Direto do blog campeão

“Imaginem se Romércio pé-de-couve optasse por dar um chutão como qualquer zagueiro raiz daria e se Mateus Oliveira não perdesse um gol minutos antes do lance capital? O resultado do jogo seria outro. Mas isso é o Remo, constituído de jogadores que chegam a ser craques em um jogo e espantalhos em outros. Nada está perdido, mas o Leão precisa de um sacolejo nessa reta final”.

Miguel Silva

“O Remo já jogou a Série B, agora é para pontuar tipo fazendo retranca contra os desesperados. Imaginem se o Remo tivesse empatado com Vila Nova, Brusque, Londrina e Ponte Preta. Seriam mais 4 pontos. Falta humildade ao técnico para reconhecer que o time chegou no limite”.

Rildo Medeiros

“Já decretaram o fim do Botafogo pelo menos três vezes nas últimas duas décadas. E aí está o Botafogo, se erguendo novamente, com as próprias pernas, com a torcida ao seu lado. O Botafogo é maior que o fim, que todos se rendam a isso”.

Marcus Carvalho

Paixão do torcedor vs. profissionalismo do futebol

O amigo José Marcos Araújo (mais conhecido como Marcão Fonteles), militante das boas causas e grande desportistas, fez uma reflexão sobre os recentes episódios de violência nos estádios e o comportamento pouco profissional de alguns atletas. Por oportuno, reproduzo aqui.

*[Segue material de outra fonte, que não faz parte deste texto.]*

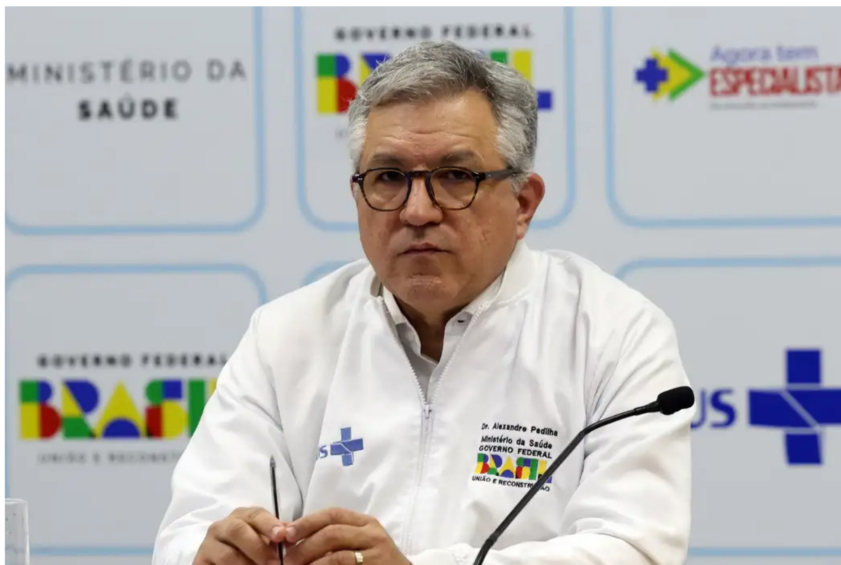
Imagem mostra Ministro da Saúde Alexandre Padilha

O número de adultos brasileiros com diabetes aumentou 135% entre 2006 e 2024, passando de 5,5% para 12,9% da população. No mesmo período, também houve crescimento significativo em outras condições: hipertensão, 31%; obesidade, 118%; e excesso de peso, 47%. Os dados constam no Vigitel 2025, pesquisa que apresenta um retrato da população brasileira sobre fatores de proteção e de risco para o desenvolvimento de doenças crônicas não transmissíveis (DCNT), como hábitos alimentares e prática de atividades físicas.

“O futebol é um esporte profissional. Não é arena dos gladiadores onde os homens eram jogados às feras. Por isso não é admissível que as torcidas ataquem os trabalhadores, jogadores e comissão técnica, pelos insucessos das más escolhas das diretorias”.

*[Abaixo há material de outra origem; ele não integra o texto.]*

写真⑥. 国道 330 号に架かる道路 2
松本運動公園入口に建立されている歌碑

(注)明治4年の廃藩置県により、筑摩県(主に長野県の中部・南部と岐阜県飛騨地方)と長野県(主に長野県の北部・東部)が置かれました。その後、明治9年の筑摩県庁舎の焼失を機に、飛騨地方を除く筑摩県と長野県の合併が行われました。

Ao mesmo tempo, segundo ele, “não cabe ver jogadores pedindo para ‘rasgar’ antes do fim da competição, colocando em risco a história das equipes que assinaram contrato por livre espontânea vontade. Grande parte do endividamento dos clubes brasileiros advém de dívidas trabalhistas por demissão dos profissionais contratados e, quando o clube está no fundo do poço, simplesmente pedem o ‘boné’ e vão embora”.

Marcão defende que o profissionalismo precisa ser de mão dupla. “Os clubes devem respeitar os atletas e esses devem respeitar os clubes e os contratos que assinam. Nos últimos dias, o Paysandu tem sido avisado rotineiramente de que um, dois ou três atletas estão deixando o clube. E aí? Fica sem time para o resto do campeonato?”.

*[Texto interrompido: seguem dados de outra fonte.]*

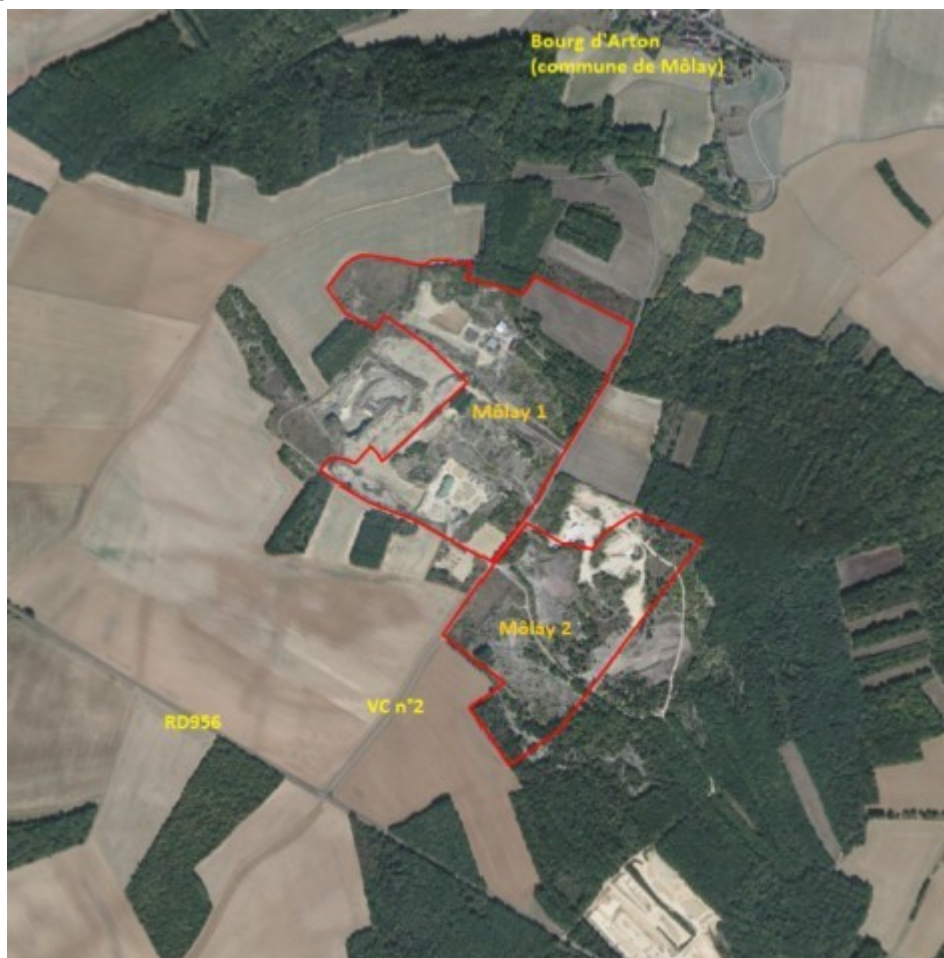
Photographie aérienne de la zone d'implantation potentielle (cf. p.41 de l'étude d'impact)

Le projet se situe sur le rebord d'un plateau légèrement ondulé entaillé par la vallée du Serein à 1,1 km au nord. Le site, anciennement exploité comme carrière de calcaire, est constitué, d'une part, de terrains remis en état et occupés par des friches de recolonisation (pelouses, fruticées, jeunes bois), et, d'autre part, par des zones non réhabilitées occupées par des remblais, d'anciens bâtiments d'exploitation ou utilisées pour diverses activités (plateforme de transit de produits minéraux, stockage de déchets inertes). Il est bordé par une mosaïque de cultures céréalières (principalement à l'ouest) et de boisements feuillus (principalement à l'est). Des zones de carrière toujours en exploitation délimitent le projet sur sa partie est. L'aire d'étude ne comporte aucun cours d'eau, ni zone humide et se situe en dehors de la zone inondable du PPRI 7 du Serein. Les habitations les plus proches se situent en contrebas du plateau au niveau du bourg d'Arton à environ 500 m au nord.

Acrescenta: “Nas demissões por decisão do clube tem multa, danos morais e materiais, até da parte de jogadores que praticamente não suaram a camisa do clube. E, nesse caso, da saída por decisão unilateral do atleta, não existe nenhuma penalidade pecuniária?”

Finaliza observando que ninguém pode ou deve ser obrigado a realizar um trabalho em condições que não lhe agrade, “mas existem regras, contratos e acordos assinados que precisam ser respeitados, pelos dois lados”.